Ransomware Threats are on the rise – What can you do?

In reviewing research from many companies, the level of threats to enterprise organizations is on the rise.

The number of bad actors, attackers, insider threats and much more has been plaguing businesses for multiple years. Over the past year to eighteen months, Ransomware attackers has become much more aggressive and lethal. Ever since the beginning of this trend in 2006 with the first discovery of ransomware in Russia, the security industry has been on the ropes.

For years, targeted ransomware has been one of the main cyber risks for businesses and other large organizations. However, the past twelve months have seen ransomware attackers become more aggressive, finding more ways to increase the reach of their attacks, and becoming more ambitious by mounting a number of audacious and highly disruptive attacks.

The identification of these threats is no longer a “nice to have”. Identification of threats as early as possible in the kill chain is critical to the success of the battle against ransomware as well as any other outsider or even insider threats. When you look at the MITRE ATT&CK framework, the tactics and techniques of Reconnaissance, Initial Access, Privilege Escalation, Credential Access and Lateral Movement are the phases that should alarm you enough to take immediate action. Noticing these anomalies, user behavior patterns, and unusual actions taken in your network can be the early warning signs you need to stop a Ransomware attack before execution and lockdown.

A Graph database will give you the ability to use the connected data from all of your disparate tools and data sources to quickly identify threats and further your SOC teams threat hunting practices.

The attack against Colonial Pipeline in the U.S. in May 2021 caused significant disruption and prompted concerns about the nation’s fuel supplies. In the same month, an attack on Ireland’s national health service, the Health Service Executive, forced it to cancel thousands of appointments and initiate a recovery operation that took a very long time to conclude.

Everyone is aware that the lack of visibility because of these disparate tools, that don’t share alert and event data, brings about significant alert fatigue for all of your security analysts.

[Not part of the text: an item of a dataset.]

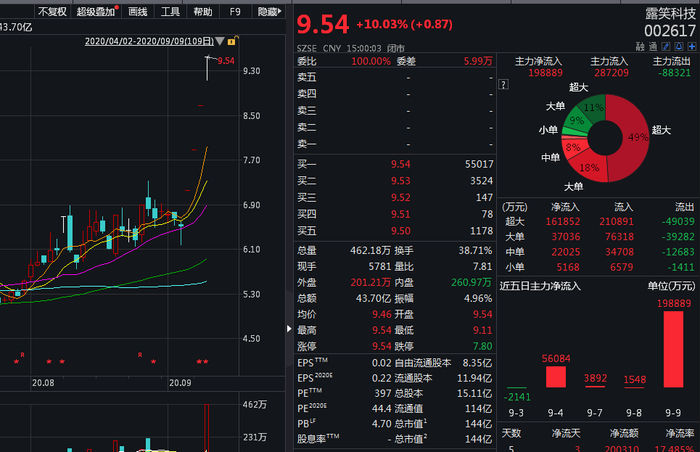 但股价并未熄火。截至收盘,露笑科技股价四连板,报9.54元,动态市盈率397倍。公司亦是昨日该板块内唯一涨停的个股。
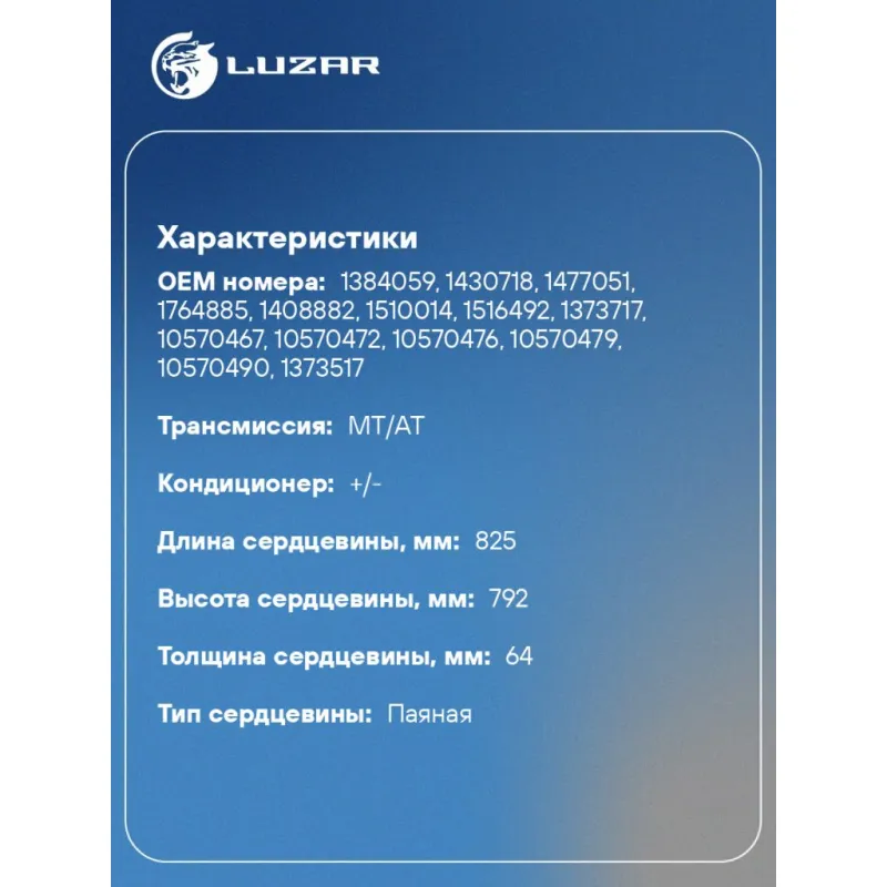 ОНВ (радиатор интеркулера) для автомобилей Scania 4-series (95-) Характеристики: Артикул: LRIC 2803 OEM номера: 1384059, 1430718, 1477051, 1764885, 1408882, 1510014, 1516492, 1373717, 10570467, 10570472, 10570476, 10570479, 10570490, 1373517 Трансмиссия: MT/AT Кондиционер: +/- Длина сердцевины, мм: 825 Высота сердцевины, мм: 792 Толщина сердцевины, мм: 64 Материал сердцевины: алюминий Тип сердцевины: паяная Подходит для авто: Scania 4-series (95-) Для проверки применяемости отправьте VIN автомобиля через вкладку "Есть вопросы о товаре?" Комплектация: Радиатор интеркулера Паспорт изделия Гарантия: от 1 года.

Your SOC and or NOC analysts are in need of a solution that provides what they have needed for years. A system that can bring all of the data together with automated deep link analytics, algorithms that allow for customization of queries for finding commonalities and relationships using in database machine learning and most of all, providing the correlation of events that will enable the reduction of false positives and false negatives.

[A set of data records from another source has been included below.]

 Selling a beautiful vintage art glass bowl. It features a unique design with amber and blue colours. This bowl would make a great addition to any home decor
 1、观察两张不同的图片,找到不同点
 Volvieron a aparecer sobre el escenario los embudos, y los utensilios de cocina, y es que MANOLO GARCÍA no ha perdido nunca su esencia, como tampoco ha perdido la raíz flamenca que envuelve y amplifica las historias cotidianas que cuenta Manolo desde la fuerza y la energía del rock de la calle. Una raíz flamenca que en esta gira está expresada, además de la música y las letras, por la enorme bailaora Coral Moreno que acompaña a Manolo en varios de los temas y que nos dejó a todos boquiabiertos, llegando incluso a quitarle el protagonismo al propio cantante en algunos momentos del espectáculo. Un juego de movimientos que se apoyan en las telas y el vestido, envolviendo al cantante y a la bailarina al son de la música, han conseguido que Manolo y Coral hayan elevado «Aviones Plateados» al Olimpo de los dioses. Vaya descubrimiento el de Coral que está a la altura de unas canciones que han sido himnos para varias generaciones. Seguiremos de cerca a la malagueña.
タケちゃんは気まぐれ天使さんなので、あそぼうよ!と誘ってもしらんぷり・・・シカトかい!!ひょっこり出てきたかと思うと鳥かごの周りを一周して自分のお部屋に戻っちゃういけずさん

The number of targeted ransomware attacks is much higher once you figure in all of the unconfirmed and unreported attacks. Confirmed attacks from known targeted ransomware families are a sample of the overall number of attacks. You also have to consider that many targeted ransomware attacks are halted before payload deployment with proper alerting, this in turn causes the attack to not be associated as ransomware. When you consider that most targeted ransomware operators recompile their ransomware for every new attack, this means that variants exist in multiple versions of each kind of ransomware. Because of this fact, the variant of the ransomware used in an attack may be blocked by generic or machine learning-generated detections rather than a detection linked to that ransomware family. This will skew the number of attacks being identified.

Graph offers in database machine learning that will enable you to quickly identify and potentially stop these attacks before the payload is deployed or potentially after deployment but before it is executed. In the majority of attacks, the bad actors do not immediately execute the attack, they drop the payload and allow it to be ingested in daily and weekly backups ensuring a more robust attack once it is executed.

Identification is the key

Identifying an attack before payload deployment or potentially after deployment and before execution is the critical mass that organizations must achieve. Even with the government and law enforcement crack down on ransomware gangs over the past few years, the threat actors remain undeterred and the cost of these attacks are on the rise. The rise of fees or ransom paid is not as much as the cost of mitigation and cleanup.

If you are able to identify a threat through connected data visibility with a graph database, then your chances of reducing that cost of mitigation and preventing the need to pay the ransom becomes much more realistic.